IF 5.8 3区 生物学 Q1 Mathematics Pub Date : 2023-09-02 DOI: 10.1093/bioinformatics/btad532
Lin Wang, Chenhao Sun, Xianyu Xu, Jia Li, Wenjuan Zhang

Motivation: A critical issue in drug benefit-risk assessment is to determine the frequency of side effects, which is performed by randomized controlled trails. Computationally predicted frequencies of drug side effects can be used to effectively guide the randomized controlled trails. However, it is more challenging to predict drug side effect frequencies, and thus only a few studies cope with this problem.

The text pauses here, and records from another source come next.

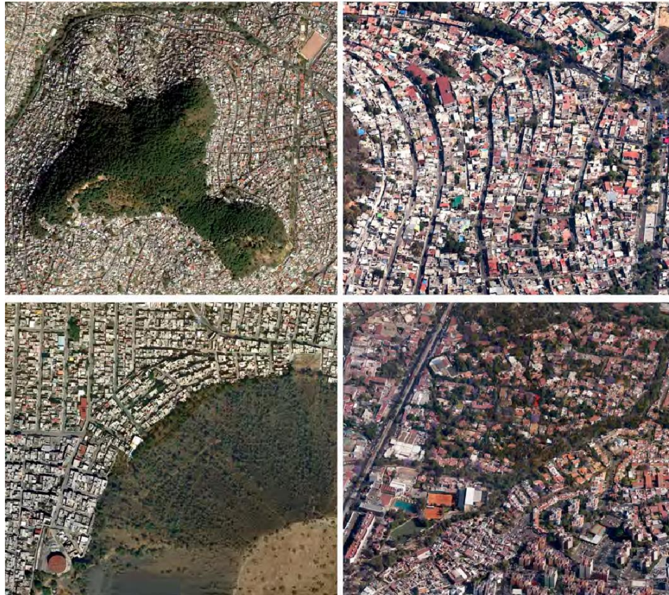
Fig. 8. Contours. The Cerro del Judio (top left), is an ecological reserve in the south of the city. The peak of the mountain can be seen in the center of the reserve, while the Rio Hidalgo traces the base to the north and west. Since the 1970s, new barrios have sprung up all around the park, with streets contoured along the topography of the mountain, creating gyres and eddies of built landscape. One of these barrios, El Tanque, can be seen at top right. El Tanque folds in ribbons around the Cerro del Judio with a series of eight contoured terraces that step steeply downward to the northeast. Each terrace level brackets a long undulating street lined with houses and shops. Many of the smaller streets that climb the slope are only one or two blocks long, so walkers and traffic must zigzag circuitously to climb or descend through the barrio. By contrast, the slopes of Xaltepec volcano (bottom left) prove too steep for building, so residents have wrapped the colonia San José Buenavista around the base of the cone. Following a watercourse rather than mountain terrain, the Avenida de Paseo (bottom right) runs on top of the Churubusco river, revealing one of the few remnants of the water's path. Massive Avenida Insurgentes, seen at far left, presents a dramatic contrast to the curvilinear Paseo.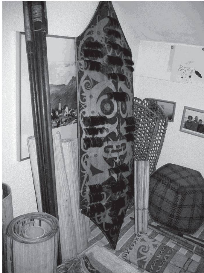
Illustrations 1, 2: Leupold family home, Zollikon, 2007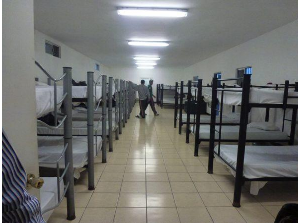
Migrant shelter, Matamoros, Mexico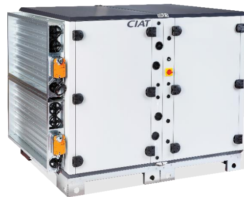
Top left: CIAT Vectios Top right: CLIMACIAT Airtech Bottom left: CIAT Comfort Line Bottom right: CIAT Floway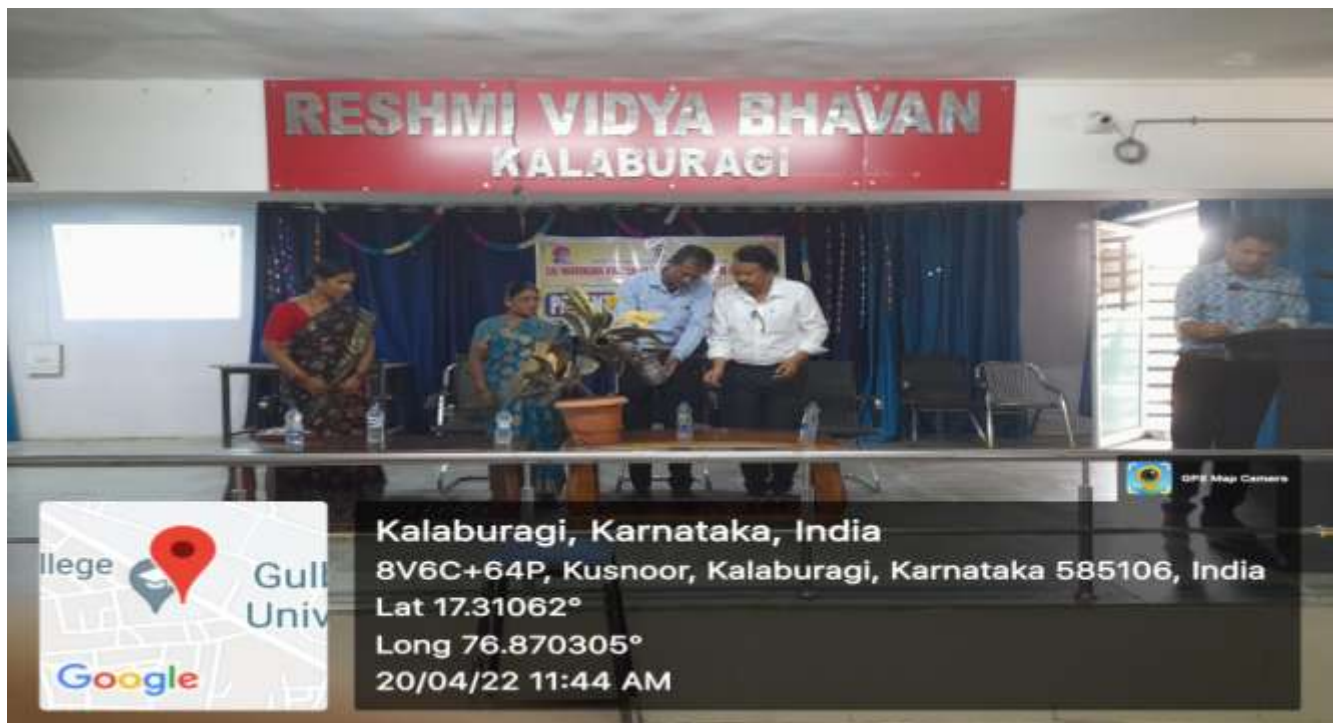
Inaugural of Parent Teacher Meeting

PTA executive body established on 24-04-2022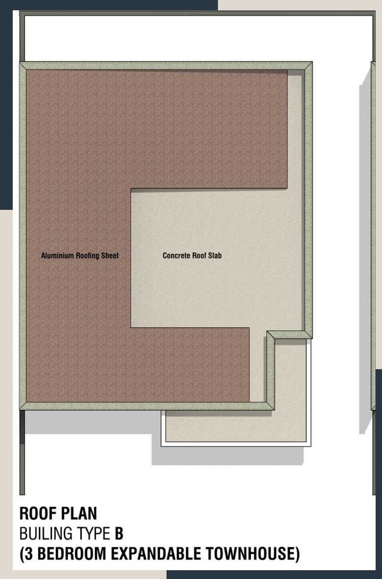
ROOF PLAN BUILDING TYPE B (3 BEDROOM EXPANDABLE TOWNHOUSE)

Results: In this work, we propose a neighborhood-regularization method (NRFSE) that leverages multiview data on drugs and side effects to predict the frequency of side effects. First, we adopt a class-weighted non-negative matrix factorization to decompose the drug-side effect frequency matrix, in which Gaussian likelihood is used to model unknown drug-side effect pairs. Second, we design a multiview neighborhood regularization to integrate three drug attributes and two side effect attributes, respectively, which makes most similar drugs and most similar side effects have similar latent signatures. The regularization can adaptively determine the weights of different attributes. We conduct extensive experiments on one benchmark dataset, and NRFSE improves the prediction performance compared with five state-of-the-art approaches. Independent test set of post-marketing side effects further validate the effectiveness of NRFSE.

Availability and implementation: Source code and datasets are available at https://github.com/linwang1982/NRFSE or https://codeocean.com/capsule/4741497/tree/v1.

动机:药物获益-风险评估的一个关键问题是确定副作用的频率,这是通过随机对照试验进行的。计算预测药物副作用的频率可以有效地指导随机对照试验。然而,预测药物副作用频率更具挑战性,因此只有少数研究涉及这一问题。在这项工作中,我们提出了一种邻域正则化方法(NRFSE),该方法利用药物和副作用的多视图数据来预测副作用的频率。首先,我们采用类加权非负矩阵分解法分解毒副作用频率矩阵,其中使用高斯似然对未知毒副作用对建模。其次,我们设计了一个多视图邻域正则化,分别整合三个药物属性和两个副作用属性,使得大多数相似的药物和大多数相似的副作用具有相似的潜在特征。正则化可以自适应地确定不同属性的权重。我们在一个基准数据集上进行了广泛的实验,与五种最先进的方法相比,NRFSE提高了预测性能。上市后副作用的独立测试集进一步验证了NRFSE的有效性。可用性和实现:源代码和数据集可从https://github.com/linwang1982/NRFSE或https://codeocean.com/capsule/4741497/tree/v1获得。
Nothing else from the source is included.